Data entries:
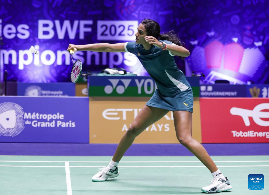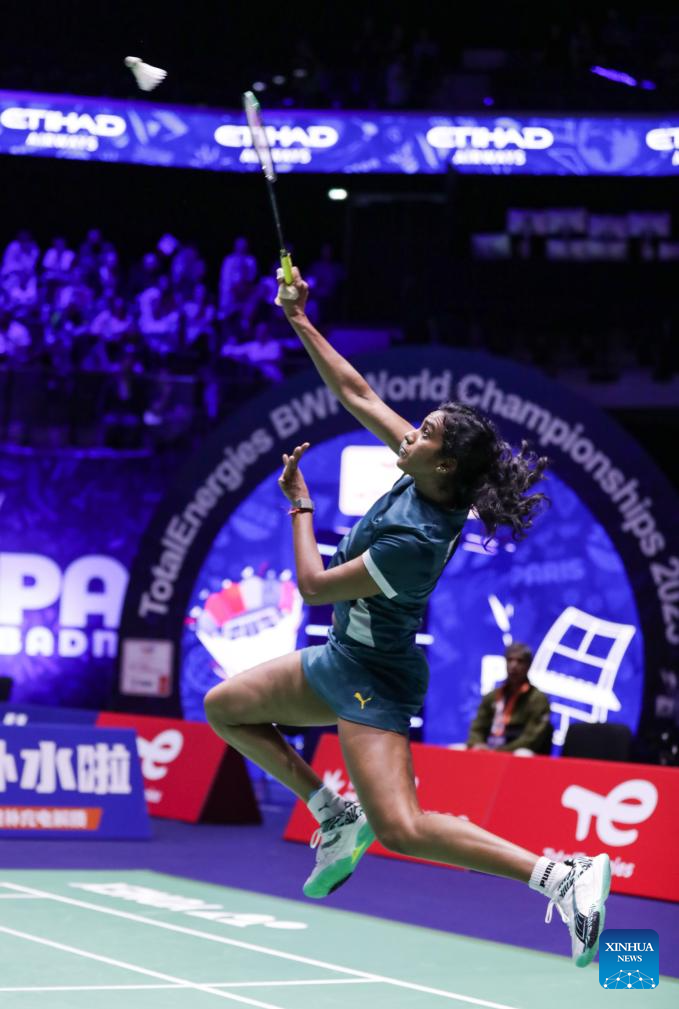 Pusarla V. Sindhu of India competes during the women's singles third round match between Wang Zhiyi of China and Pusarla V. Sindhu of India at the BWF World Championships 2025 in Paris, France, Aug. 28, 2025. (Xinhua/Zhang Fan)
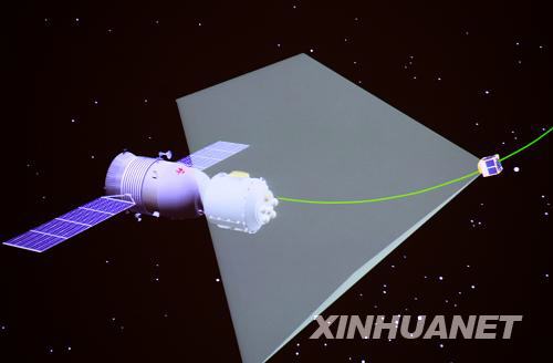 9月27日,在完成航天員出艙任務(wù)后,神舟七號飛船在太空釋放一顆伴飛小衛(wèi)星(攝于北京航天飛行控制中心大屏幕)。新華社記者 查春明 攝
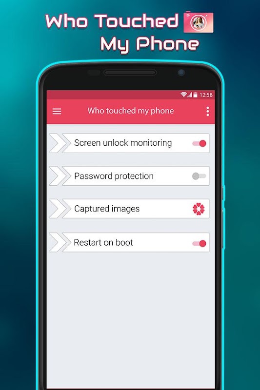 Application allows you to find out, who took your phone without your permission. Being activated, it will take a photo of anybody, who unlocks your phone.
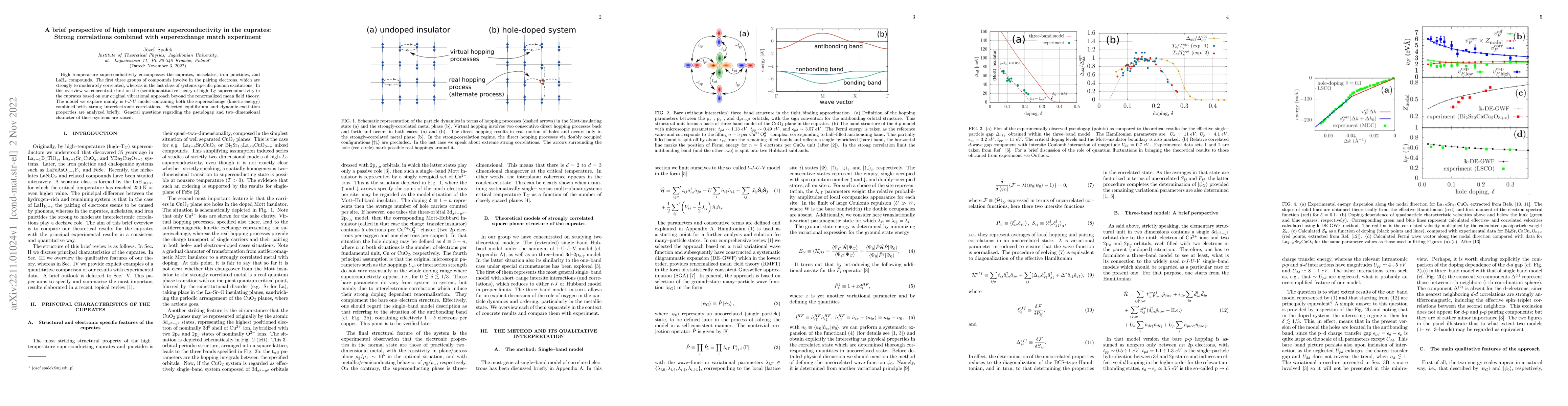 High temperature superconductivity encompasses the cuprates, nickelates, iron pnictides, and LaH$_x$ compounds. The first three groups of compounds involve in the pairing electrons, which are strongly to moderately correlated, whereas in the last class of systems specific phonon excitations. In this overview we concentrate first on the (semi)quantitative theory of high T$_{C}$ superconductivity in the cuprates based on our original vibrational approach beyond the renormalized mean field theory. The model we explore mainly is $t$-$J$-$U$ model containing both the superexchange (kinetic energy) combined with strong interelectronic correlations. Selected equilibrium and dynamic-excitation properties are analyzed briefly. General questions regarding the pseudogap and two--dimensional character of those systems are raised.
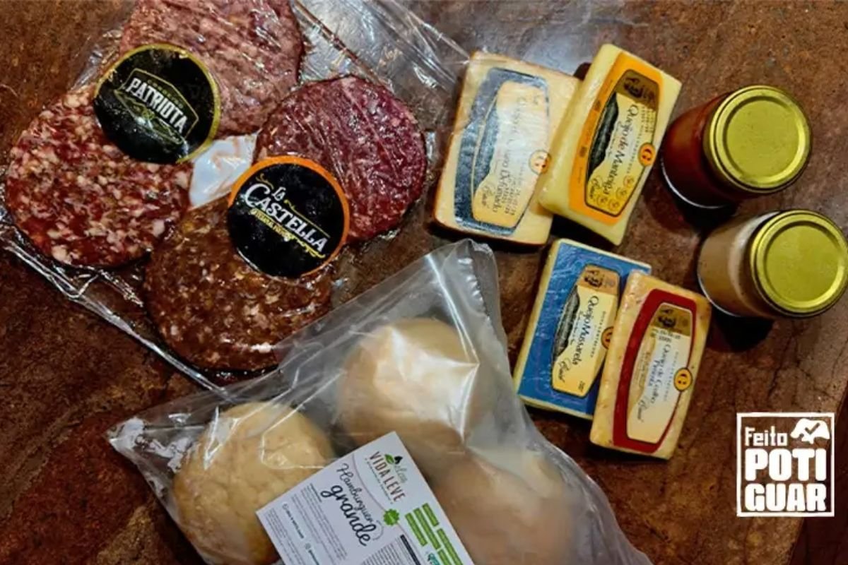 O combo inclui quatro pães Elas Vida Leve, quatro hambúrgueres artesanais da Cordeiro Patriota, quatro tipos de queijo da Dona Gertrudes e dois molhos especiais: ketchup de goiabada e maionese vegana temperada da casa, com assinatura da chef Lua Andrade, sócia da fábrica de panificação inclusiva Elas Vida Leve. Tudo isso entregue em uma bolsa térmica exclusiva com a marca Feito Potiguar.

EXERCISE DETAILS —
Apart from the images, please copy every line of the data exactly as written.

ANSWER BOX —
 Pusarla V. Sindhu of India competes during the women's singles third round match between Wang Zhiyi of China and Pusarla V. Sindhu of India at the BWF World Championships 2025 in Paris, France, Aug. 28, 2025. (Xinhua/Zhang Fan)
 9月27日,在完成航天員出艙任務(wù)后,神舟七號飛船在太空釋放一顆伴飛小衛(wèi)星(攝于北京航天飛行控制中心大屏幕)。新華社記者 查春明 攝
 Application allows you to find out, who took your phone without your permission. Being activated, it will take a photo of anybody, who unlocks your phone.
 High temperature superconductivity encompasses the cuprates, nickelates, iron pnictides, and LaH$_x$ compounds. The first three groups of compounds involve in the pairing electrons, which are strongly to moderately correlated, whereas in the last class of systems specific phonon excitations. In this overview we concentrate first on the (semi)quantitative theory of high T$_{C}$ superconductivity in the cuprates based on our original vibrational approach beyond the renormalized mean field theory. The model we explore mainly is $t$-$J$-$U$ model containing both the superexchange (kinetic energy) combined with strong interelectronic correlations. Selected equilibrium and dynamic-excitation properties are analyzed briefly. General questions regarding the pseudogap and two--dimensional character of those systems are raised.
 O combo inclui quatro pães Elas Vida Leve, quatro hambúrgueres artesanais da Cordeiro Patriota, quatro tipos de queijo da Dona Gertrudes e dois molhos especiais: ketchup de goiabada e maionese vegana temperada da casa, com assinatura da chef Lua Andrade, sócia da fábrica de panificação inclusiva Elas Vida Leve. Tudo isso entregue em uma bolsa térmica exclusiva com a marca Feito Potiguar.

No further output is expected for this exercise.